Figure 1.2 presents a detailed synthesis of the major ideas that are the foundation for all subsequent chapters, including (1) profiles of high-level users, (2) criteria for successful professional development, (3) alignment between UbD and other school and district initiatives, (4) effect on curriculum and assessment practices, and (5) general comments about other issues related to UbD's use and implementation.

Figure 1.2. What Have We Learned About Understanding by Design?
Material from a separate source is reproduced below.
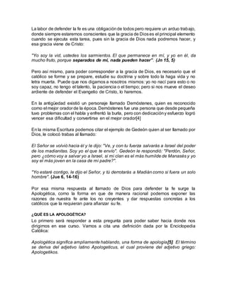 Este documento presenta una introducción a la apologética, definiéndola como la defensa y justificación racional de la religión católica ante los desafíos de la época. Explica que surgió en los primeros siglos para defender la fe ante las persecuciones romanas y el rechazo de los judíos, y que ha enfrentado varios períodos históricos de desafíos. Hoy en día es necesaria ante los ataques a la fe desde grupos cristianos fundamentalistas, religiones, ateísmo y errores dentro de la Igles

A Summary of Preliminary Ascd Survey and Focus Group Results

  1. High-level UbD users tend to
    1. Use the UbD unit design regularly in their professional duties.
    2. Participate in a collaborative follow-up to their initial training (e.g., study groups, action research cohorts, and peer reviews).
    3. Be responsible for helping to synthesize the relationship between UbD and other school and district accountability initiatives.
    4. Articulate UbD as a framework to describe research-based best practices, rather than as a stand-alone program.
    5. Understand the connection between UbD's design principles and the universal best practices in their field.
  2. Successful and sustained UbD professional development tends to
    1. Avoid one-shot training sessions with little, if any, follow-up.
    2. Emphasize the alignment between UbD and other school and district accountability initiatives, especially standards and accountability testing.
    3. Involve all appropriate system stakeholders, not just single groups or cohorts.
    4. Ultimately involve some form of professional collaboration (e.g., initial study groups, peer review, and action research).
    5. Lead practitioners to express the need for value-added evaluations.
  3. To emphasize the alignment of UbD with other district initiatives, school and district staffs
    1. Avoid presenting UbD as another required program.
    2. Articulate the relationship between UbD and district standards.
    3. Analyze the content of high-stakes accountability testing designs to articulate areas on those tests in which UbD supports student achievement.
    4. Integrate enduring understandings and essential questions into district curriculum frameworks and standards documents.
    5. Describe underlying design principles of UbD and their connection to districtwide initiatives to ensure the success of all students such as literacy development, mathematical problem solving, and differentiated instruction.
  4. In schools and districts, UbD has influenced the curriculum and assessment processes as high-level users
    1. Provide controlling principles for unifying the articulation and implementation of standards.
    2. Establish a technology (through the three-circle audit process) for developing a viable core curriculum.
    3. Suggest tools and methodologies for unifying curriculum design.
    4. Emphasize the need for a photo album of assessment results, including constructed-response test items, reflective assessments, academic prompts, culminating performances and projects, and holistic and analytic rubrics.
    5. Establish a coherent set of instructional design principles through WHERETO.
  5. Additional recurrent conclusions and recommendations include:
    1. The next logical step in UbD evolution is the systematic evaluation of UbD's effect on student achievement and organizational productivity.
    2. Although the electronic learning community for UbD has an established infrastructure, its potential has not been realized because teachers lack familiarity and face access difficulties.
    3. UbD implementation typically begins with a cohort of early adopters; however, sustained implementation is successful only when it is organically blended into other systemic professional development and accountability programs.
    4. Systemic UbD implementation is a process of organization development. Implicit UbD norms include collegiality, commitment to excellence and understanding, sensitivity to equity issues, professional development that is collaborative and job-embedded, and awareness of the learner as the center of the learning process.
    5. Recurrent problems associated with UbD implementation include
      • Staff misperceptions that it is a stand-alone program.
      • Staff members' lack of deep conceptual understanding of curriculum content (and its big ideas, generalizations, and paradigms).
      • Professional desire for quick fixes and initiatives that do not require staff tolerance of ambiguity or complexity.
      • Misperceptions about teaching to the test.
      • Erroneous assumptions that teaching for understanding is for the gifted and talented only.
      • Beliefs that not all children can achieve deep conceptual understanding.
      • Fears about relinquishing the locus of control to the learner, plus deeply entrenched desires for managing classrooms through lecture and teacher-dispensed information sources.
      • Failure to provide financial resources to sustain site-based and job-embedded professional development.
    6. There is a need to articulate the alignment between No Child Left Behind legislation and UbD to help ward off a perceived backslide toward teach-to-the-test instruction that overlooks the need for students to understand the content (both declarative and procedural) on which they are being assessed.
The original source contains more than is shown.